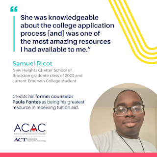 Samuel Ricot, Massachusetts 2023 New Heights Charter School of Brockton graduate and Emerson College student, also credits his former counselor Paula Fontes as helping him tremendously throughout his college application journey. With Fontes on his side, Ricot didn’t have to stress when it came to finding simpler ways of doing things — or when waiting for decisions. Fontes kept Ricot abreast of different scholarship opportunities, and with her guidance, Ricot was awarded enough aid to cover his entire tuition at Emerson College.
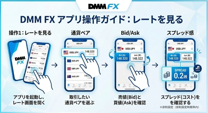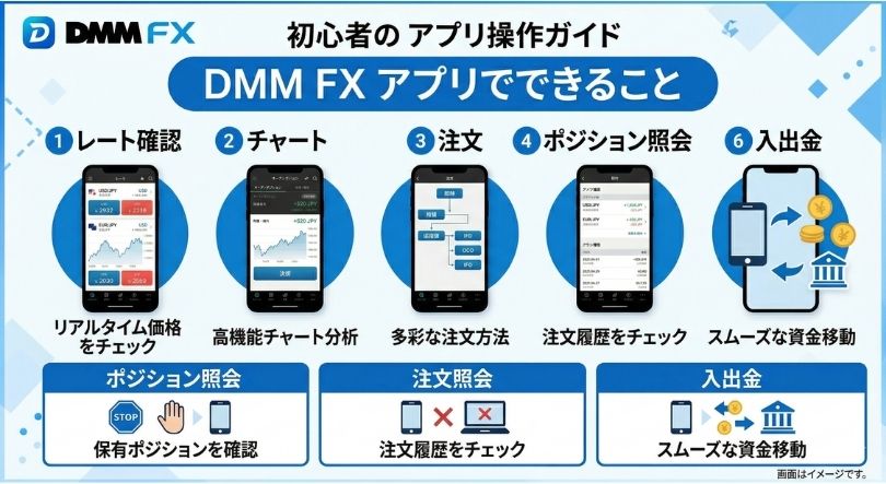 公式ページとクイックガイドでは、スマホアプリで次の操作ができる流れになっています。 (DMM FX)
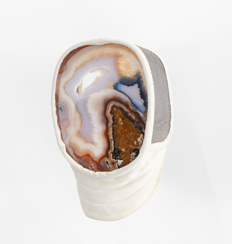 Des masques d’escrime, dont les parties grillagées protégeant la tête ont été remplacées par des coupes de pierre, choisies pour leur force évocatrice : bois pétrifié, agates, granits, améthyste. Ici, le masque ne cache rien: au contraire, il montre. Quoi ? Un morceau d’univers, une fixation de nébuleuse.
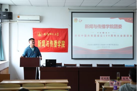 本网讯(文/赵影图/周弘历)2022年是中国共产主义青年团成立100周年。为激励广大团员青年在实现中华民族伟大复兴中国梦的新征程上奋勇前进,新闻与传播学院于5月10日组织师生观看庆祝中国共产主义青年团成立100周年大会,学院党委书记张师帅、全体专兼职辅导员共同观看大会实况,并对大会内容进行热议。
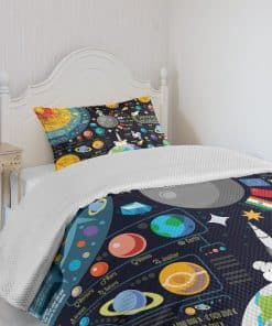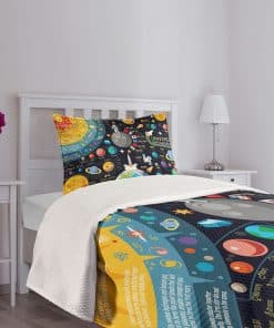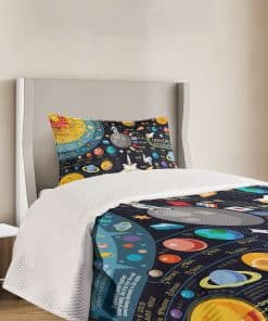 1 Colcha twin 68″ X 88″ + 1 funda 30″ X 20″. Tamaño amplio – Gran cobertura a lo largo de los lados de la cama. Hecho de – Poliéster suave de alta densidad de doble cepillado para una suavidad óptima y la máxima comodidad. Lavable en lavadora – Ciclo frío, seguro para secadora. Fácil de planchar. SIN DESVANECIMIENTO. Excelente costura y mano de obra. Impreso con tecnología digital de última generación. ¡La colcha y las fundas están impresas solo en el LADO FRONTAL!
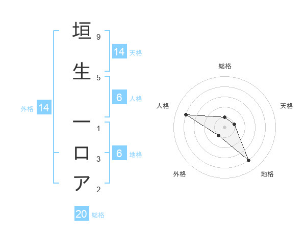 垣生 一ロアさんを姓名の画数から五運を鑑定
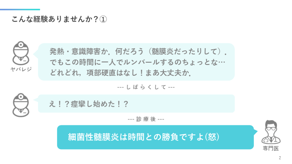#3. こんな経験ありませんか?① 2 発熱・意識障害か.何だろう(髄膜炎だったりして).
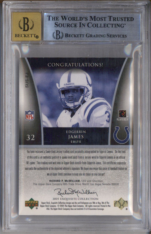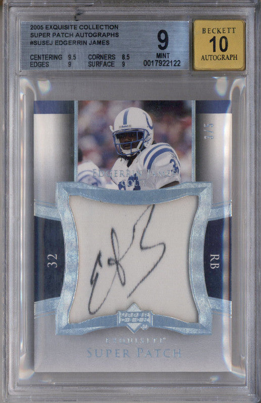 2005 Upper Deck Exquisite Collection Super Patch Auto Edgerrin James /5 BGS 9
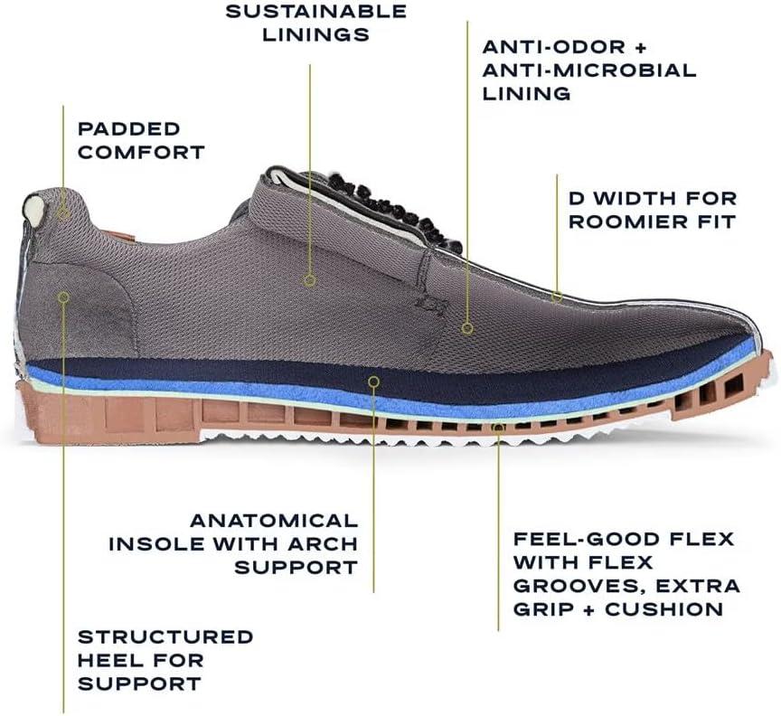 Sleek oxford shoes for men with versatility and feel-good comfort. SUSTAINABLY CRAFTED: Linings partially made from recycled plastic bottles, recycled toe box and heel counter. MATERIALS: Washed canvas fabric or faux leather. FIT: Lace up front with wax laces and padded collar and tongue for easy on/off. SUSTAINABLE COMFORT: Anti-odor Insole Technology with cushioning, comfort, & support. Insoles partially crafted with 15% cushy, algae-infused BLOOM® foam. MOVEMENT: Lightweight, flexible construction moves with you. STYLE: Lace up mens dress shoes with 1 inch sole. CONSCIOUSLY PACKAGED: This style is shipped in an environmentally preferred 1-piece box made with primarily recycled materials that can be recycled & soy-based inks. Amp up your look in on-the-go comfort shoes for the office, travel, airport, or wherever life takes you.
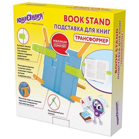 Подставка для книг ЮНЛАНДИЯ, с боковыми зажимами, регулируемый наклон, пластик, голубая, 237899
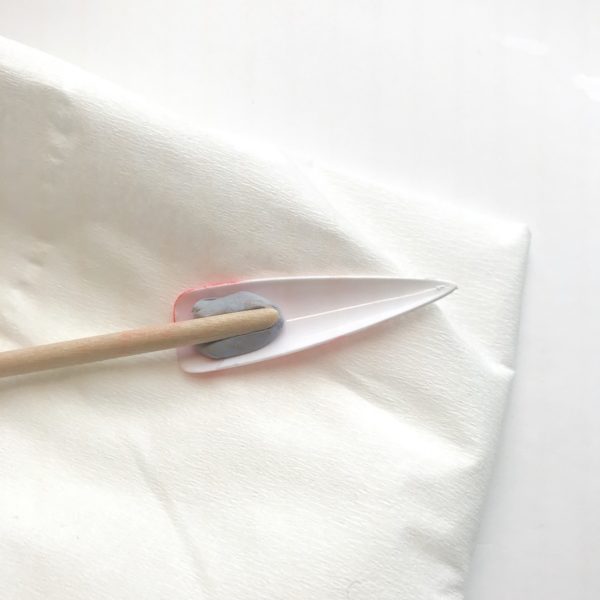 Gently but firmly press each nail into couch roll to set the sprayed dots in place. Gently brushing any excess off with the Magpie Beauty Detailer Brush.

* REQUIRED WORK:
Leave out the pictures and restate, word for word, the lines from the top of the data through the line containing "公式ページとクイックガイドでは、スマホアプリで次の操作ができる流れになっています。 (DMM FX)", both included.

* RESULT OF THIS TASK:
 Samuel Ricot, Massachusetts 2023 New Heights Charter School of Brockton graduate and Emerson College student, also credits his former counselor Paula Fontes as helping him tremendously throughout his college application journey. With Fontes on his side, Ricot didn’t have to stress when it came to finding simpler ways of doing things — or when waiting for decisions. Fontes kept Ricot abreast of different scholarship opportunities, and with her guidance, Ricot was awarded enough aid to cover his entire tuition at Emerson College.
 公式ページとクイックガイドでは、スマホアプリで次の操作ができる流れになっています。 (DMM FX)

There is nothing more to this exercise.